I expect it to work as describe in Oriented-RCNN (https://arxiv.org/abs/2108.05699). To test it, I've written the following script:
import cv2
import numpy as np
import torch
import math
from mmcv.ops import RoIAlignRotated
box = [[98.0, 97.0], [82.0, 103.0], [79.0, 98.0], [96.0, 91.0]]
box = cv2.minAreaRect(np.array(box).astype(np.int64))
box = torch.tensor([box[0][0], box[0][1], box[1][0], box[1][1], box[2]]).unsqueeze(0).to("cuda")
box = box.to(torch.int64).to(torch.float)
box[..., -1] = math.pi / 2 # set angle to pi / 2 (rad) for test purpose (see opencv def. https://github.com/open-mmlab/mmrotate/blob/main/docs/en/intro.md)
box = torch.cat((torch.zeros((1,1)).to("cuda"), box), dim=-1)
r_ = RoIAlignRotated(
output_size=(int(box[0,4].item()), int(box[0,3].item())),
spatial_scale=1,
sampling_ratio=0,
clockwise=True
)
image = cv2.imread("image.tif") # type: ignore
tens = torch.tensor(image).permute((2, 0, 1)).unsqueeze(0).to("cuda").float()
z = r_.forward(tens, box)
z = z.detach().clone().cpu()[0].permute((1, 2, 0)).to(torch.int64).numpy()

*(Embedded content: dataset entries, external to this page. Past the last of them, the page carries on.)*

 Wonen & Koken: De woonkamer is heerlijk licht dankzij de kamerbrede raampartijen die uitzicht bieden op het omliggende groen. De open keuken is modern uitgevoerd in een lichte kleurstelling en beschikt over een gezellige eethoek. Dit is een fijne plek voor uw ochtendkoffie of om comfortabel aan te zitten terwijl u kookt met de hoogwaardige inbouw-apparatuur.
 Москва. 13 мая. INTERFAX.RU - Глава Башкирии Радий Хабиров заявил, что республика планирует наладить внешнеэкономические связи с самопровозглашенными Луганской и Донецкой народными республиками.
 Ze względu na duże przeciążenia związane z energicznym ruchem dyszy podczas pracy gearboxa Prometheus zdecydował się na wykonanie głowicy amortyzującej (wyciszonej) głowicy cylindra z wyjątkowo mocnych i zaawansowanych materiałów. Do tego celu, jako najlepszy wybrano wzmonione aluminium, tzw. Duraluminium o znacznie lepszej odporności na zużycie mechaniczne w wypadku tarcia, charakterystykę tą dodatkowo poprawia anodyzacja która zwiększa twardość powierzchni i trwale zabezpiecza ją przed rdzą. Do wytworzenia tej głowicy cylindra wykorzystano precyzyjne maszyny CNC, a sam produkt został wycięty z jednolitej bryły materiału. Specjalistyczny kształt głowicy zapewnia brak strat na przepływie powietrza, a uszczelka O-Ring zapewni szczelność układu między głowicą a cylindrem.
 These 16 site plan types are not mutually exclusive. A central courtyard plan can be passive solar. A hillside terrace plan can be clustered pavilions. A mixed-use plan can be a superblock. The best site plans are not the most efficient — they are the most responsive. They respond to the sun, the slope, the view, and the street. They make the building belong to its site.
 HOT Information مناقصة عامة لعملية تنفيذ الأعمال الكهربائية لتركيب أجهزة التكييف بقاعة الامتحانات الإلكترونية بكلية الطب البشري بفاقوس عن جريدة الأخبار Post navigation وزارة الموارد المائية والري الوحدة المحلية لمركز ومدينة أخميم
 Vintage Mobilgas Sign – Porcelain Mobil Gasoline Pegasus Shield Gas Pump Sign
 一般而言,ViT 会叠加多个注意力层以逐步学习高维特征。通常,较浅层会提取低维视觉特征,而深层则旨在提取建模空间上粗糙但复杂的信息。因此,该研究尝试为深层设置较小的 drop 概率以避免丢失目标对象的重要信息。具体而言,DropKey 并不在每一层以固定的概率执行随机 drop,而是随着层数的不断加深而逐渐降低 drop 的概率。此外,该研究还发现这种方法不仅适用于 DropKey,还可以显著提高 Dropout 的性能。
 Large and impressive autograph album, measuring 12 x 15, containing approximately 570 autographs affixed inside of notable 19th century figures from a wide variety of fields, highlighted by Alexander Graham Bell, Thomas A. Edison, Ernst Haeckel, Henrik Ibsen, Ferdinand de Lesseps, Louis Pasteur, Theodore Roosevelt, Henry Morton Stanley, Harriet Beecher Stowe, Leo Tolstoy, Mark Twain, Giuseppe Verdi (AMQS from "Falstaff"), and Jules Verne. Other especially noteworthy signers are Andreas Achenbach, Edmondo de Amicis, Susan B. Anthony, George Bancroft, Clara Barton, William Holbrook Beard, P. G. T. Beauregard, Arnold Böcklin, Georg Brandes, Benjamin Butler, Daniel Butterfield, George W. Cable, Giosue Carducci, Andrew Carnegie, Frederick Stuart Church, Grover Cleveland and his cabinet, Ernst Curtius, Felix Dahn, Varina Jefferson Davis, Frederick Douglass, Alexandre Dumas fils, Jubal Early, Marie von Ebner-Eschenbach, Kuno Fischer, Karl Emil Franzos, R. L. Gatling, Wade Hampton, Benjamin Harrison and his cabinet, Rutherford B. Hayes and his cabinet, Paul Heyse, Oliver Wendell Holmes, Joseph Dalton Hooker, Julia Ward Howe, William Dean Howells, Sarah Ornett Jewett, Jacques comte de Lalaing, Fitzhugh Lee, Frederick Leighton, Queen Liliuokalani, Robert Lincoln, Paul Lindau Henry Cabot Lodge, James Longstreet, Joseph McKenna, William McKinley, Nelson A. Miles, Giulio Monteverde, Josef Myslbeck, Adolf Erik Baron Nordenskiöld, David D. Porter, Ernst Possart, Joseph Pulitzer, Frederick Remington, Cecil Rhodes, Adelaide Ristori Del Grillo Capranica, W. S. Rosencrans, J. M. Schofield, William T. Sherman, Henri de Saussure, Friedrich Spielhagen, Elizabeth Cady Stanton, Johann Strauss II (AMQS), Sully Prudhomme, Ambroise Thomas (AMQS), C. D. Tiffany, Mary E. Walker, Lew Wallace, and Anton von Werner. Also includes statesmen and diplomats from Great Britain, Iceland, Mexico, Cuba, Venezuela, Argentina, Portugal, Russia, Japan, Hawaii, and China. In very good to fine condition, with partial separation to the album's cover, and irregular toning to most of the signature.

cv2.imwrite(f"test_roi_align.png", z) # type: ignore
I'm expecting it to extract and rotate the box from the image. As far as I understand, after the rotation, it is doing an Average Pooling, which I prevent by setting the output size of the RoIAlignRotated equal to the box size. However 'z' is not the expected image part, but just some random colors (see image at the end). Does somebody have an idea, what I'm understanding/doing wrong? Thank you!